## Dataset content
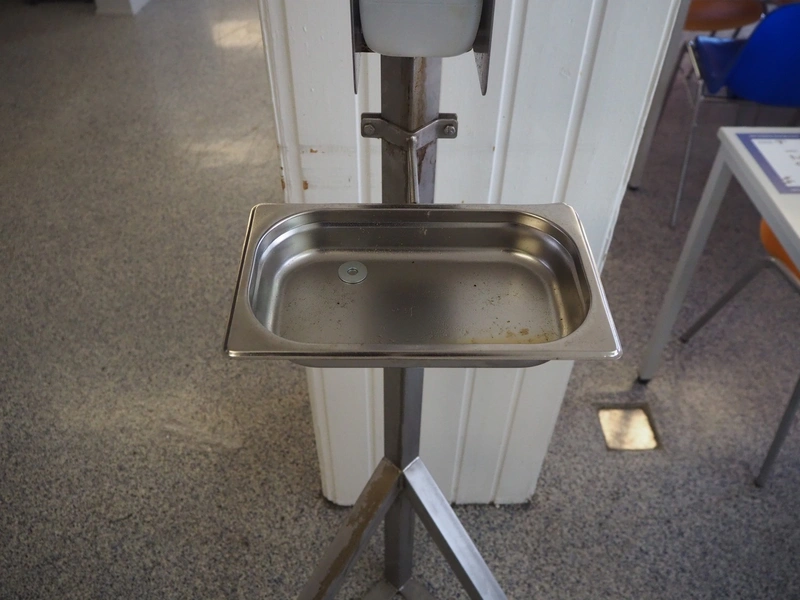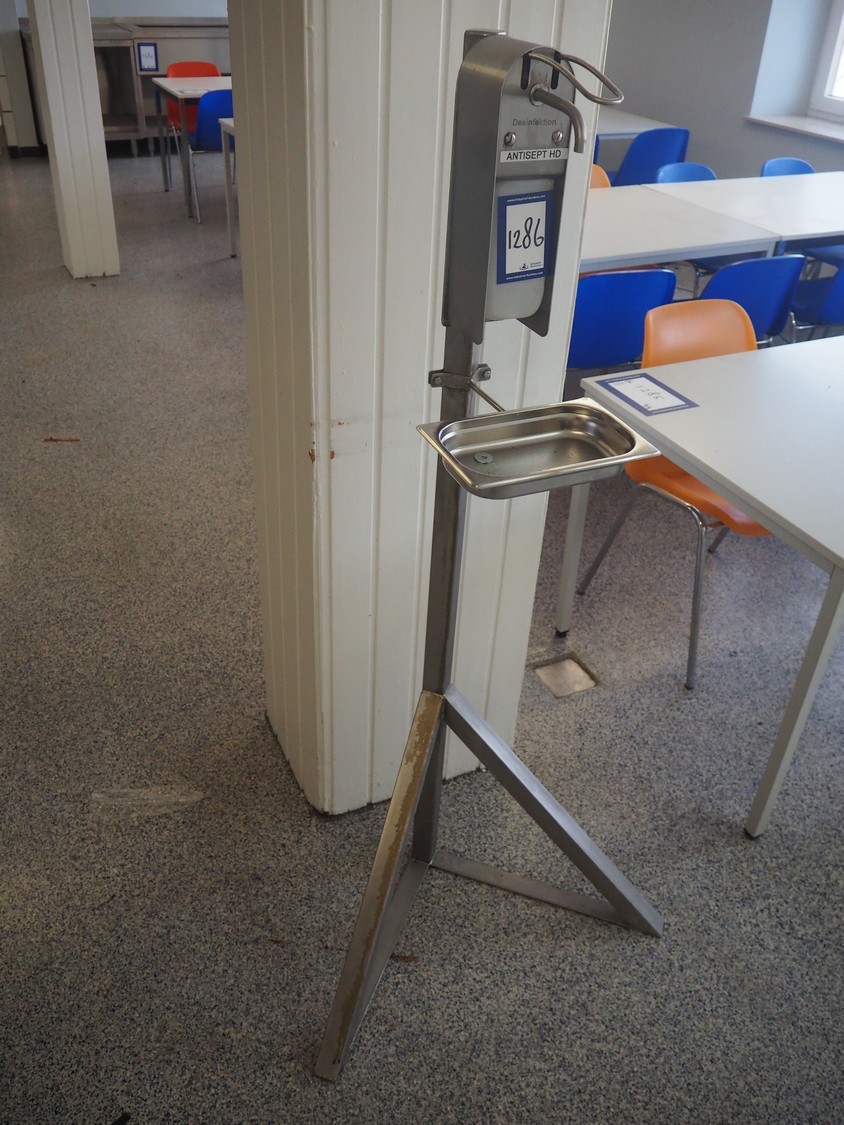 S/s soap dispenser, dimensions: 500 mm x 500 mm x 1500 mm.
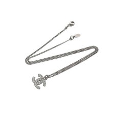 CHANEL Necklace 10V Coco Mark Rhinestone Stone Silver Logo COCO
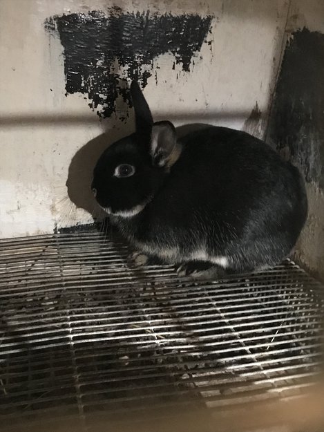 Vi fant en kanin i hagen vår. Har fått tak i den og satt den i bur.
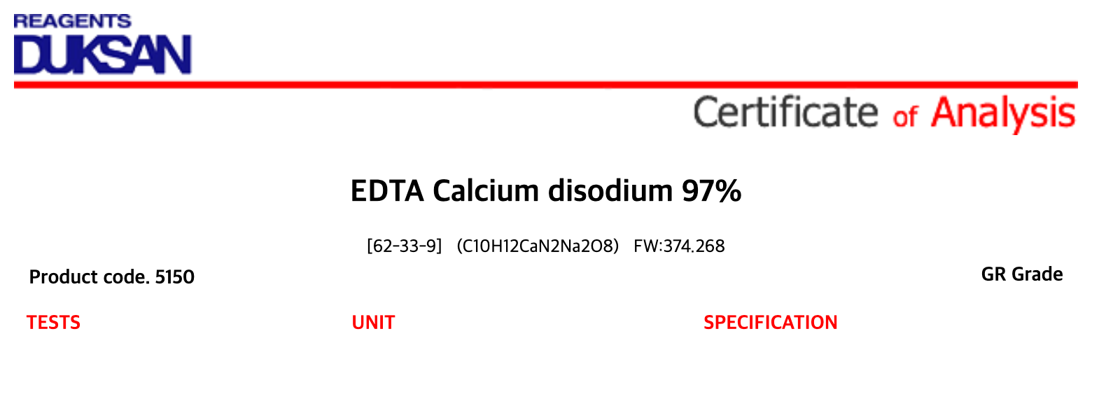 Ethylenediaminetetraacetic acid calcium disodium salt ; sodium calcium edetate
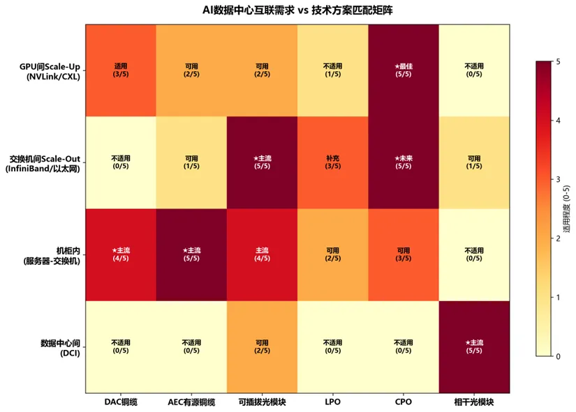 图5:AI数据中心互联需求 vs 技术方案匹配矩阵

## About this exercise
Give back all of the entries above exactly, with the pictures excluded.

## Completed task
 S/s soap dispenser, dimensions: 500 mm x 500 mm x 1500 mm.
 CHANEL Necklace 10V Coco Mark Rhinestone Stone Silver Logo COCO
 Vi fant en kanin i hagen vår. Har fått tak i den og satt den i bur.
 Ethylenediaminetetraacetic acid calcium disodium salt ; sodium calcium edetate
 图5:AI数据中心互联需求 vs 技术方案匹配矩阵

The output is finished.